Simulation and analysis of telescopic photonic beam combiner for stellar interferometry in labview

Abstract

The optical methods are the sensitive and subtle techniques of conducting optical investigations without any physical contact. They are both accurate and fast at the same time which provides an ease of having multiple observations. The need of optical interferometry has been increased at a very quick pace due to its high range of applications, from surface testing to locating of extra-solar planets in the universe. Optical Interferometry is a process or technique of combining light from various telescopes for calculating the angular resolution. The technique of optical interferometry helps astronomers for achieving a high angular resolution, that is not possible with the conventional telescopes. Optical approaches are the best approaches for non-contact evaluations, and these are accurate and fast. Due to optical nature of the interferometry, this process is used in various fields, and today it has become one of the important areas of research.
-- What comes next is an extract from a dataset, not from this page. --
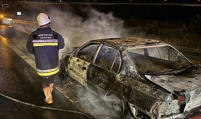 BOLU'da Anadolu Otoyolu'nda seyir halindeyken alev alan otomobil, yangında kullanılamaz hale geldi.Anadolu Otoyolu Ankara istikameti Dörtdivan gişeleri mevkiinde saat 00.30 sıralarında, hareket halindeki 41 RP 495 plakalı otomobil, alev aldı. Sürücü, otomobilini sağ şeride çekerek itfaiyeyi arayıp, yardım istedi. Otomobildeki yangın, bölgeye gelen Dörtdivan Belediyesi İtfaiye Amirliği ekibi tarafından söndürüldü. Otomobil kullanılamaz hale gelirken, yangınla ilgili inceleme başlatıldı.

Integrated Optics (IO) beam combiners are an efficient and compact technology to combine light interferometrically collected by multiple telescopes. IO beam combiner is based on the modal filtering properties of waveguides or fibers, and it improves thermo-mechanical stability, because of the characteristic rigidity of IO component substrate. Other advantages of this technology are miniaturization and non-existence of alignment needs. Several IO beam combiners are being proposed and tested nowadays. The purpose of this paper is to investigate different techniques used to develop interferometric instrument from previous researches and to simulate the technique suggested by Ermann in Labview.